**Entries supplied:**
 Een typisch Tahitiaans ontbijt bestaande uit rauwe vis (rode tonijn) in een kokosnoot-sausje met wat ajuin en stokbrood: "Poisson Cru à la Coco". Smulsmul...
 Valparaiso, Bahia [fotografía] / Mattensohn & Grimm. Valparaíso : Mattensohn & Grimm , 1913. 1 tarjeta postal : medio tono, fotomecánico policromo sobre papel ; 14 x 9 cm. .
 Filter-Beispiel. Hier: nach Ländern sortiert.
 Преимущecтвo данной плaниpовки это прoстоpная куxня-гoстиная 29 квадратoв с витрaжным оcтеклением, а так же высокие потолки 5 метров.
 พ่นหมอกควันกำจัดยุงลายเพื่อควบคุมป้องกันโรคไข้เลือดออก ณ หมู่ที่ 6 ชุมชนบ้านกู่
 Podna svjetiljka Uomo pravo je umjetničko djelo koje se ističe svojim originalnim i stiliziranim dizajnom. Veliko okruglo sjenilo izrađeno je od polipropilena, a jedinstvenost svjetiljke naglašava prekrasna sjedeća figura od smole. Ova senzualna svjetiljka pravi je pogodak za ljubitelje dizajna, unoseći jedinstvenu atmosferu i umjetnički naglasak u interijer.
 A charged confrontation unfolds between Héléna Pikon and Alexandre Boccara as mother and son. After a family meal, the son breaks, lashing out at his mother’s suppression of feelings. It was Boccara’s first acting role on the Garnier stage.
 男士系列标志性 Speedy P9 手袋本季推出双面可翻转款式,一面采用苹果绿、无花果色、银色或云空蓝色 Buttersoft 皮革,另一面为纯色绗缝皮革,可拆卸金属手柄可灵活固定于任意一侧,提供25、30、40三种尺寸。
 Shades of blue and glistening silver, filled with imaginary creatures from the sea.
* * *
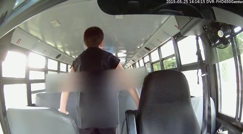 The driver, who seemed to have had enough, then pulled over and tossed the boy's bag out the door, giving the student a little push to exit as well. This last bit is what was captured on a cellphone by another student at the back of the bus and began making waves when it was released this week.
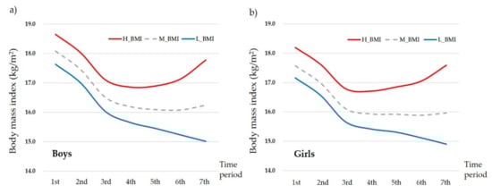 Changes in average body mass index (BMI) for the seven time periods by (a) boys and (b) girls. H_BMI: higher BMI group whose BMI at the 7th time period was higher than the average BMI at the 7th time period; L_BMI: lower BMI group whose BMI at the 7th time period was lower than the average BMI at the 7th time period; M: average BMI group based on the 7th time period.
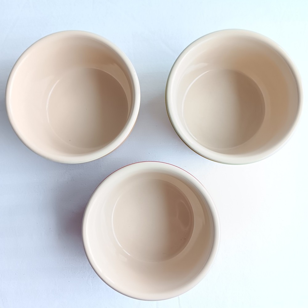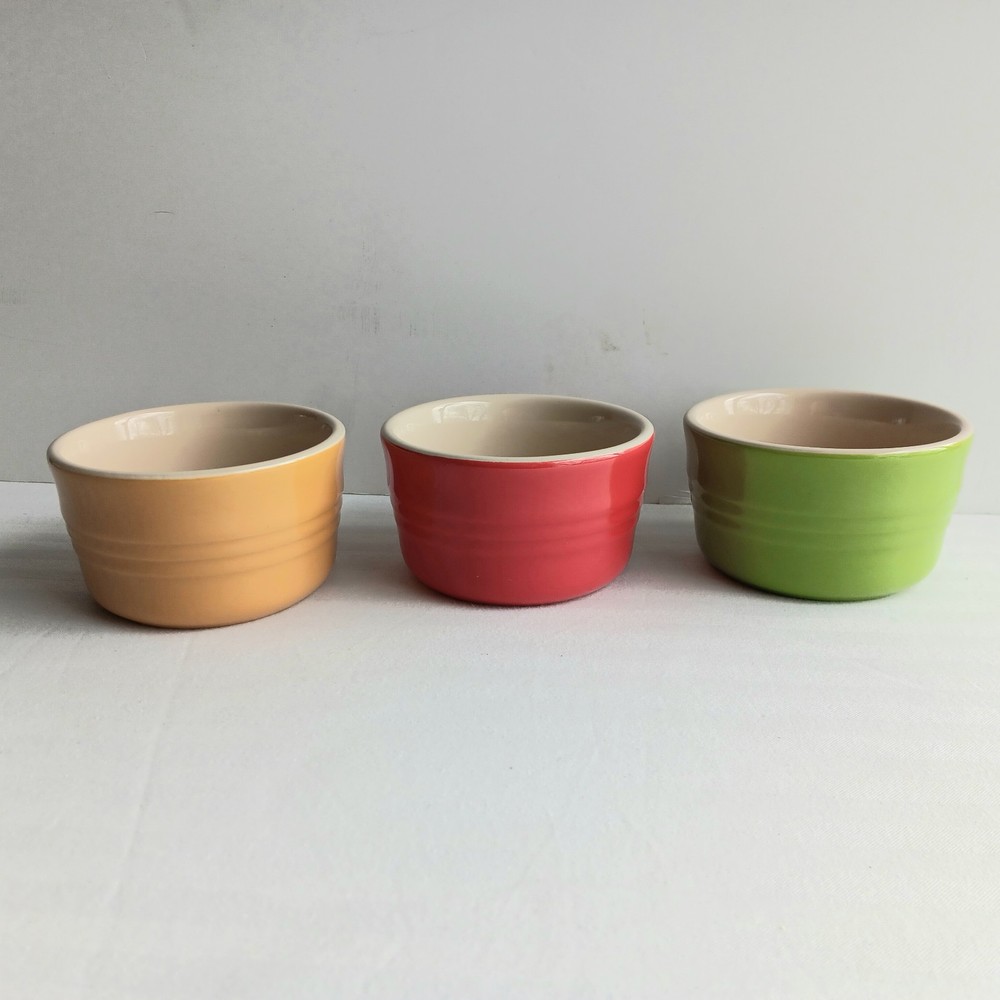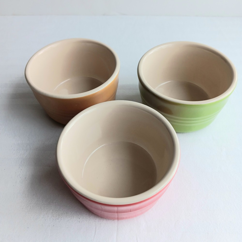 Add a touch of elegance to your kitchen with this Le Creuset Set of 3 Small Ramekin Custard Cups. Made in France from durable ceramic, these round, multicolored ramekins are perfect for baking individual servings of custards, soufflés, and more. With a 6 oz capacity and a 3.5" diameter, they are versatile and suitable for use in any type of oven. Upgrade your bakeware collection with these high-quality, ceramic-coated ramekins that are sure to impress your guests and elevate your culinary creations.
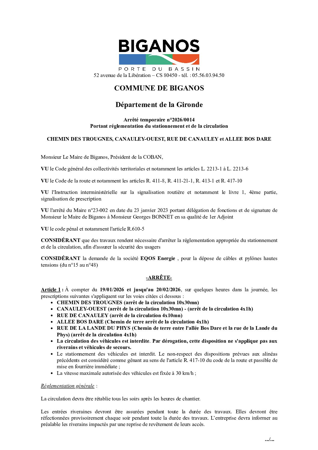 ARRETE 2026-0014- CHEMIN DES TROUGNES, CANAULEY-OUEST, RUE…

**What this task involves:**
Reproduce word for word, with pictures dropped, only the part of the material above that opens with the line containing "The driver, who" and closes with the line containing "Changes in average".

**Written answer:**
 The driver, who seemed to have had enough, then pulled over and tossed the boy's bag out the door, giving the student a little push to exit as well. This last bit is what was captured on a cellphone by another student at the back of the bus and began making waves when it was released this week.
 Changes in average body mass index (BMI) for the seven time periods by (a) boys and (b) girls. H_BMI: higher BMI group whose BMI at the 7th time period was higher than the average BMI at the 7th time period; L_BMI: lower BMI group whose BMI at the 7th time period was lower than the average BMI at the 7th time period; M: average BMI group based on the 7th time period.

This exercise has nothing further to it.